Pour asséner sa modernité, Mohamed Talbi se
définissait comme « musulman coranique ». Et c’est là
que s’ouvre le malentendu avec ses pairs réformateurs, qui se soldera par un
pénible divorce. A Tunis, le conflit fut violent avec Abdelmajid Charfi,
aujourd’hui président de la très respectée académie Beit Al-Hikma, pour qui le
Coran, bien que « d’inspiration divine », est une « œuvre
humaine » inscrite dans l’époque du Prophète.
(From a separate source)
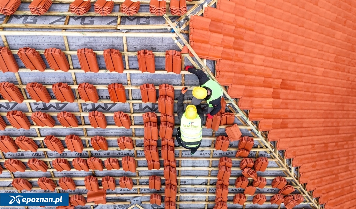 - Pierwsze roboty budowlane rozpoczęły się pod koniec ubiegłego roku. Do tej pory wykonano membranę i łaty dachowe, gotowa jest instalacja odgromowa oraz docieplono gzyms. Zaawansowane są również prace związane z obróbkami blacharskimi i mocowaniami rynien. W ostatnim czasie rozpoczął się montaż izolacji, która ociepli poddasze - powiedział Tomasz Płóciniczak, wiceprezes spółki Poznańskie Inwestycje Miejskie.

Aux yeux de Mohamed
Talbi, cette manière d’historiciser le Coran revenait à le désacraliser . Aussi
taxa-t-il Abdelmajid Charfi et d’autres – les Tunisiens Hichem Djaït, Neïla
Sellini, Hamadi Redissi, Youssef Seddik ou l’Algérien Mohammed Arkoun – de « désislamisés »
et même de « néo-orientalistes ».
Subversif et intransigeant
Pour Mohamed Talbi, la réforme de l’islam ne pouvait venir
que de l’intérieur et impliquait non seulement la foi mais la pratique. « Il
ne comprenait pas comment des chercheurs pouvaient travailler sur l’islam sans
avoir un rapport fusionnel avec le Coran », se souvient Amel Grami,
l’une de ses anciennes élèves, qui lui est restée proche. Imprégné de ferveur
soufie, Mohamed Talbi était profondément pieux et cette piété l’a « psychologiquement
bloqué », dit Abdelmajid Charfi, au point de l’« empêcher
d’aller au-delà d’une lecture littéraliste du Coran ». A rebours de la
lecture « vectorielle » qu’il avait pourtant préconisée pour
la charia.
Et l’orage ne grondera pas qu’avec ceux qui auraient
dû être ses alliés naturels dans la réforme de l’islam. Très impliqué dans le
dialogue interreligieux, notamment au sein du Groupe de recherche
islamo-chrétien (GRIC), Mohamed Talbi finit par s’en détacher dans l’amertume
et même la virulence, estimant que ce dialogue bancal n’en était pas
franchement un et que ses amis chrétiens continuaient de trahir condescendance et préjugés à l’égard de
l’islam, notamment dans son rapport à la violence. « L’Eglise
catholique ne perçoit le dialogue que comme une étape sur le chemin de
l’évangélisation », fustigeait-il dans Penseur libre en islam. Il
signa même, en 2011, une Histoire du Christ, enquête sur une fraude
textes à l’appui (auto-édité) qui attrista ses anciens compagnons de route
du dialogue islamo-chrétien.
Ainsi était Mohamed Talbi, défricheur à la fois
subversif et intransigeant, guetté par les contradictions et dont le fil
conducteur resta jusqu’à la fin une vénération sans faille pour le Coran.